* _Your assignment_
Taking the line with "Ανέβηκε το σχετικό" as the first and the line with "同时,根据IT之家此前报道,《inZOI 云族裔》也将登陆 macOS" as the last, set down the lines below exactly, pictures excluded.

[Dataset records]
- - - -

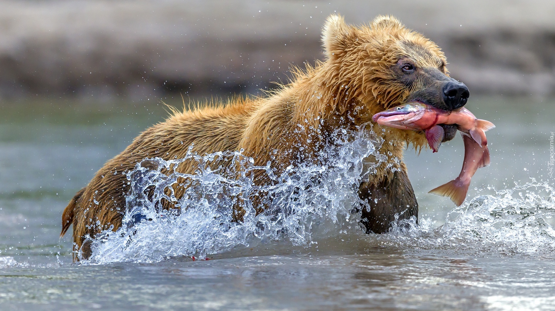 Edytor tapety: Niedźwiedź z rybą upolowaną w rzece
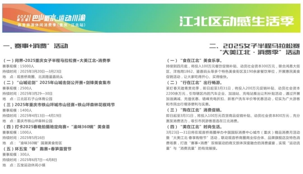 近年來,江北區體育旅游消費不斷興旺,刺激消費動作頻頻“破圈”,市民消費打開方式不斷“翻新”。 本次消費季活動聯動推出“5+4+4”體育消費惠民活動:“賽事+消費”5大配套活動、“美食樂享、出行暢游、消費促銷、時尚生活”4大主題活動和4條江北區體育旅游精品線路。通過“政府搭臺、企業唱戲、全民參與”的創新模式,將體育賽事、文化旅游和休閑消費等元素融為一體,構建“體育+”消費新場景,激發群眾體育消費新活力。
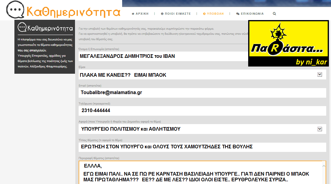 Ανέβηκε το σχετικό portal της κυβέρνησης και υποβλήθηκαν τα πρώτα θέματα καθημερινότητας που απασχολούν τον Πολἰτη. Τα ΠαRάσιτα σε αποκλειστικότητα σας παρουσιάζουν το πρώτο.. ni_kar...
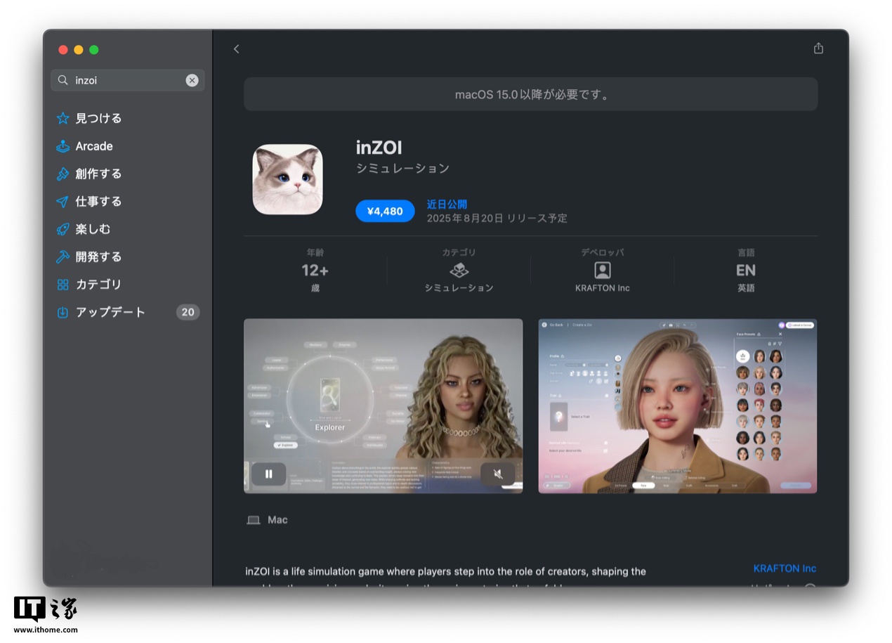 同时,根据IT之家此前报道,《inZOI 云族裔》也将登陆 macOS 平台,该游戏将于 8 月正式上线 Mac App Store,目前已开放预购,预购价格 4480 日元(IT之家注:现汇率约合 222 元人民币)。
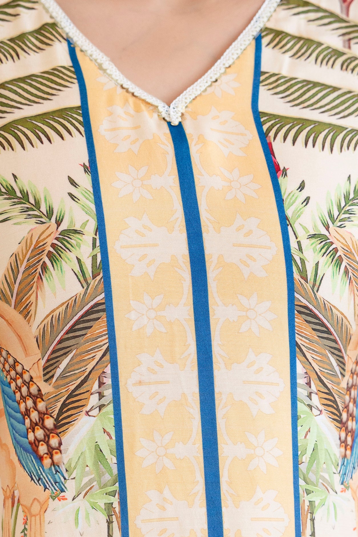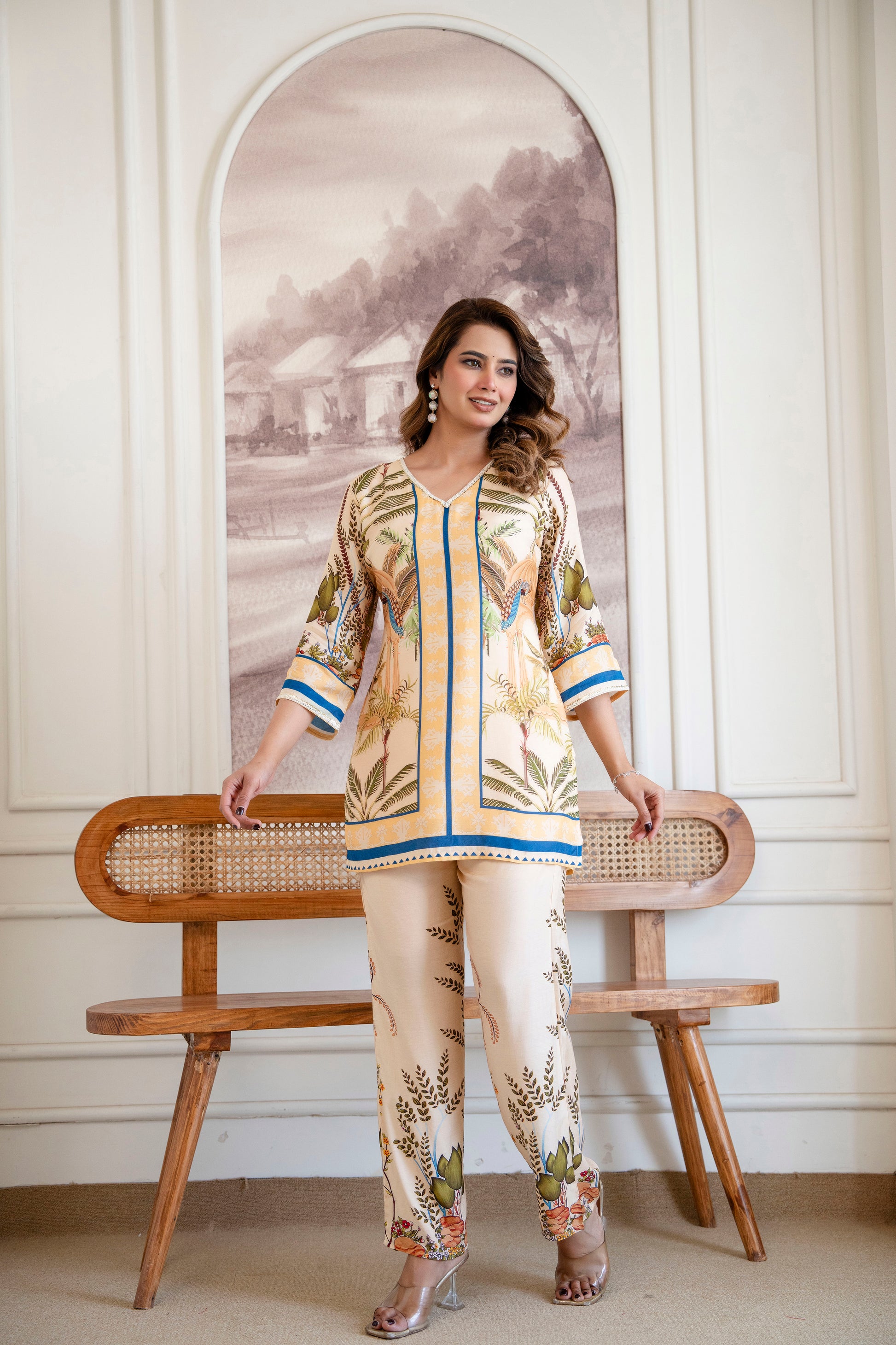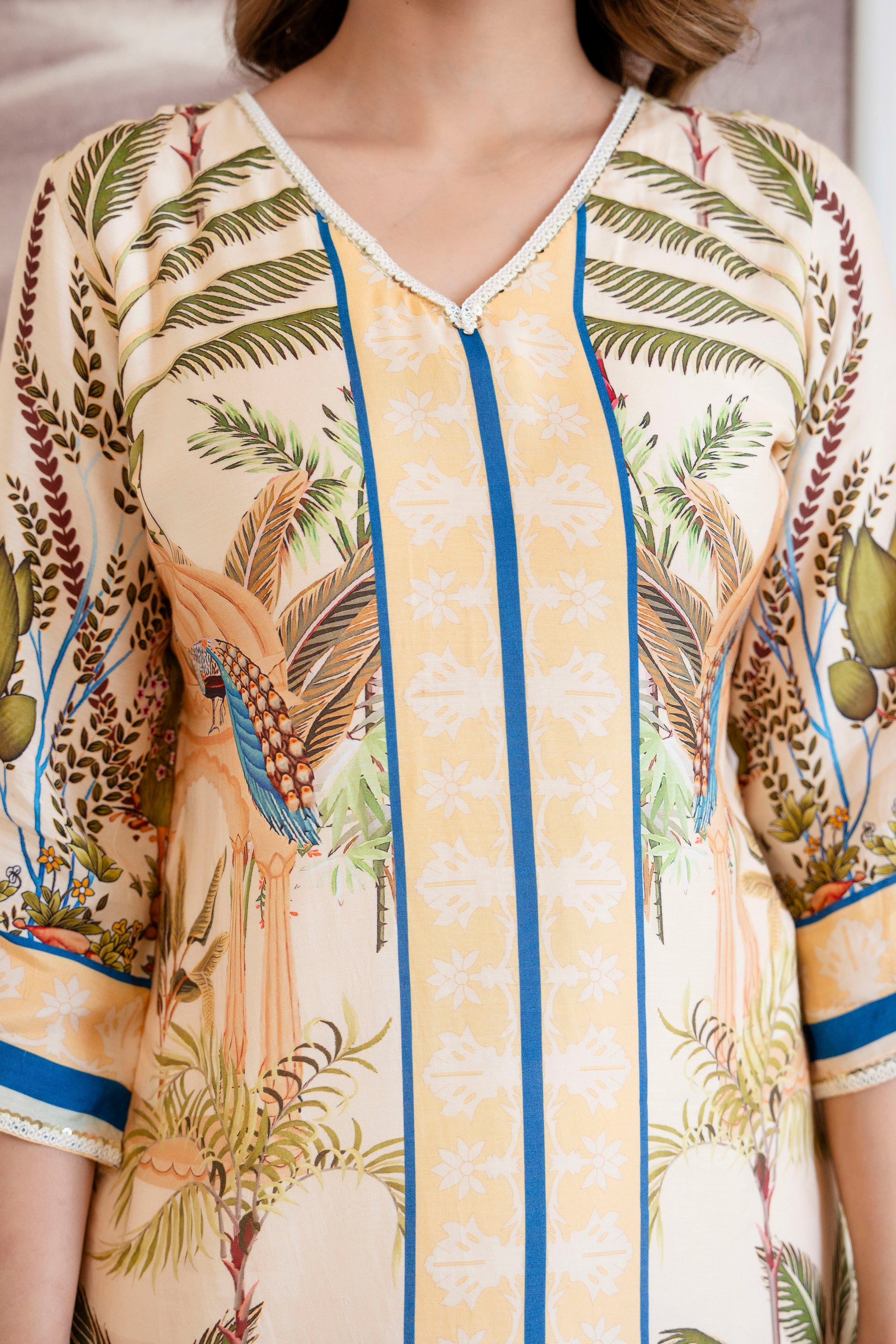 The cream canvas blooms with a sophisticated digital jungle motif — artfully placed to create depth, elegance, and statement appeal. Intricate lace detailing along the neckline, sleeves, and hemline enhances its delicate femininity, adding layers of texture and craftsmanship.

- - - -

* _Result of this exercise_
 Ανέβηκε το σχετικό portal της κυβέρνησης και υποβλήθηκαν τα πρώτα θέματα καθημερινότητας που απασχολούν τον Πολἰτη. Τα ΠαRάσιτα σε αποκλειστικότητα σας παρουσιάζουν το πρώτο.. ni_kar...
 同时,根据IT之家此前报道,《inZOI 云族裔》也将登陆 macOS 平台,该游戏将于 8 月正式上线 Mac App Store,目前已开放预购,预购价格 4480 日元(IT之家注:现汇率约合 222 元人民币)。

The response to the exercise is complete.